Das script wird bei mir wieder per procmail aufgerufen, ein aufruf über kmail müsste aber auch einwandfrei möglich sein....

und noch ein tip am rande:

erstmal alle emails seperat irgendwo hinsichern  :Smile: 

(ich hab mir einige gekillt aus versehen  :Very Happy:  )

hmm.....

evtl. sollte ich das mal ins doku und tips forum schreiben, hätte wer interesse?

----------

## ian!

 *ddanier wrote:*   

> hmm.....
> 
> evtl. sollte ich das mal ins doku und tips forum schreiben, hätte wer interesse?

 

Das ist nie verkehrt! Gute Arbeit! Weiter so!  :Very Happy: 

Gruß,

ian!

----------

## ddanier

.....gesagt, getan  :Wink: 

https://forums.gentoo.org/viewtopic.php?t=89533

----------

## mladdi

sorry ich bin noch ein nap. aber git es überhaut linux viren? ich hab gehört das es das problem mit den viren in linux gar nicht gibt. ????  :Question:   :Question: 

----------

## furanku

 *ddanier wrote:*   

> also, ich hab nun eine kleine lösung bei mir zum laufen gebracht:
> 
> 

 

Danke, probier ich nachher mal aus.

 *ddanier wrote:*   

> das einzige was mir hieran nicht gefällt ist die tempdatei, aber irgendwie hat das anders nicht funktioniert 
> 
> 

 

Ich hatte auch an einem Script gebastelt und wollte f-prot verwenden.

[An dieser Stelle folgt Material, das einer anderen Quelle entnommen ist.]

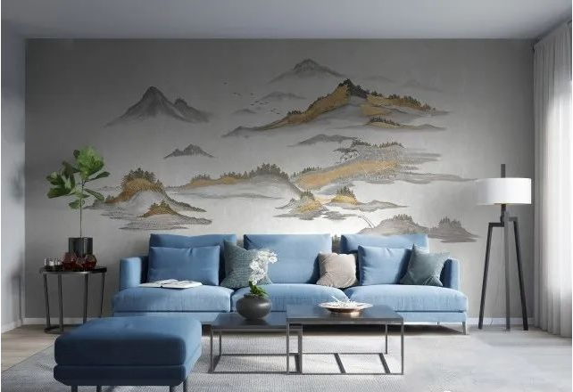 领绣墙布:水岸沧清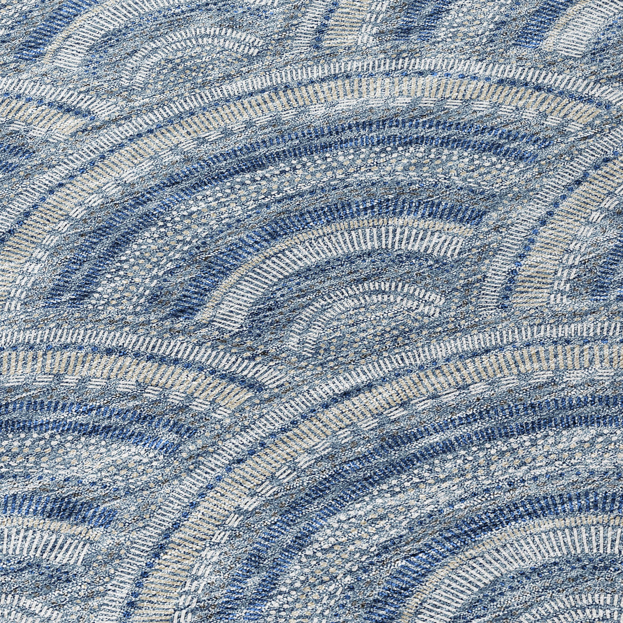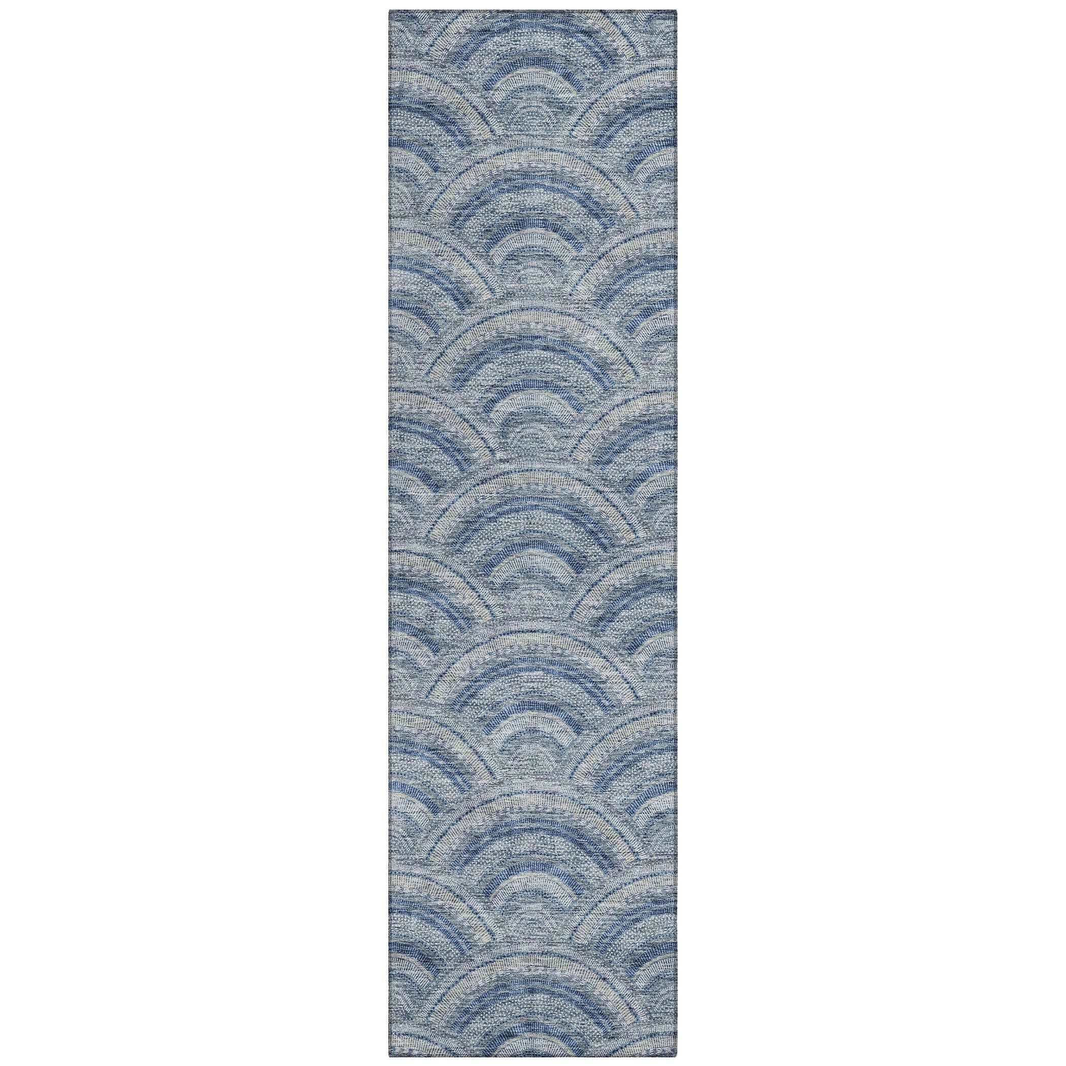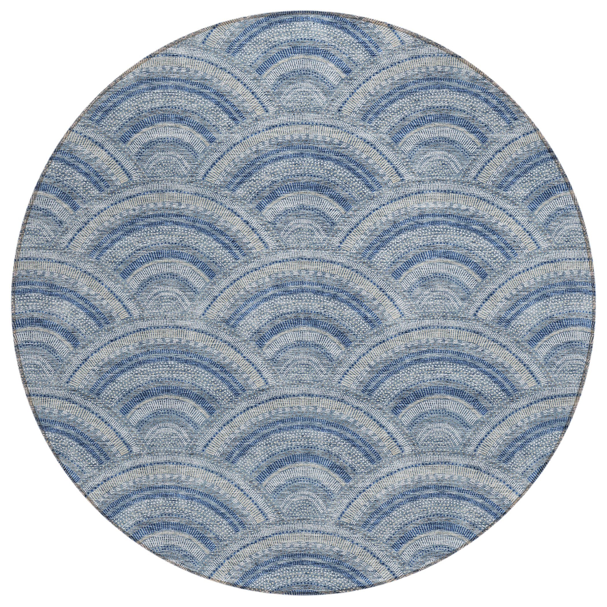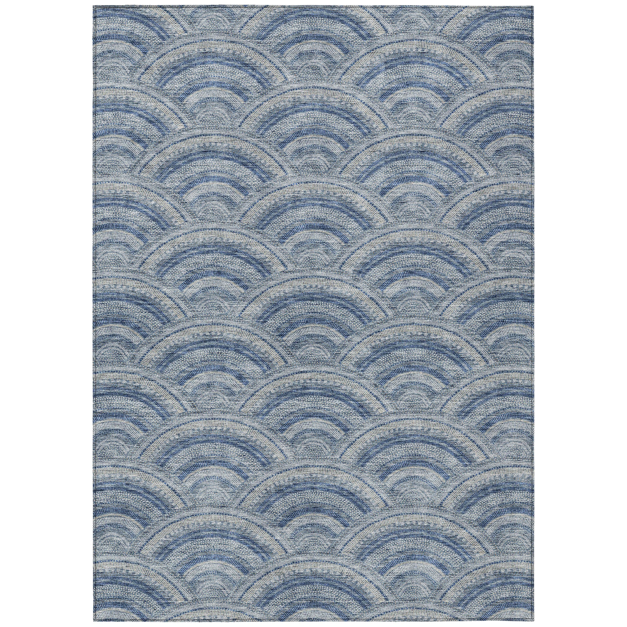 Chantille ACN984 Denim area rug, a stylish addition to any modern home. The smart semi-circle pattern effortlessly blends contemporary trends with timeless transitional design. Crafted with UV stabilization, this rug is ready to withstand sun exposure and maintain its vibrant colors. Its ultra-thin construction ensures a sleek and subtle presence in your space.

Da steht explizit in der Doku, dass sie des öfteren Anfragen hatten den Scan auch in einer Pipe zu ermöglichen, dies allerdings nicht gehen würde, da sie um den Scan zu starten die Dateilänge bräuchten.

 *ddanier wrote:*   

> hmm.....
> 
> evtl. sollte ich das mal ins doku und tips forum schreiben, hätte wer interesse?

 

Gerne, ich habe bei meiner Rechereche allerdings auch mehere gleiche Anfragen auf den KDE Mailinglisten, bei SuSE und Debian gefunden, das Thema ist i. A. wohl von allgemeinerem Interesse. Schlag Deine Lösung doch mal den KMail bzw. clamav Autoren vor.

Frank

----------

## furanku

 *mladdi wrote:*   

> sorry ich bin noch ein nap. aber git es überhaut linux viren? ich hab gehört das es das problem mit den viren in linux gar nicht gibt. ????  

 

Nein, bis auf ein oder zwei versuchsweise und zu Demonstrationszwecken entwickelten, gibt es keine bekannten Viren unter Linux, insbesondere keine "in der freien Wildbahn".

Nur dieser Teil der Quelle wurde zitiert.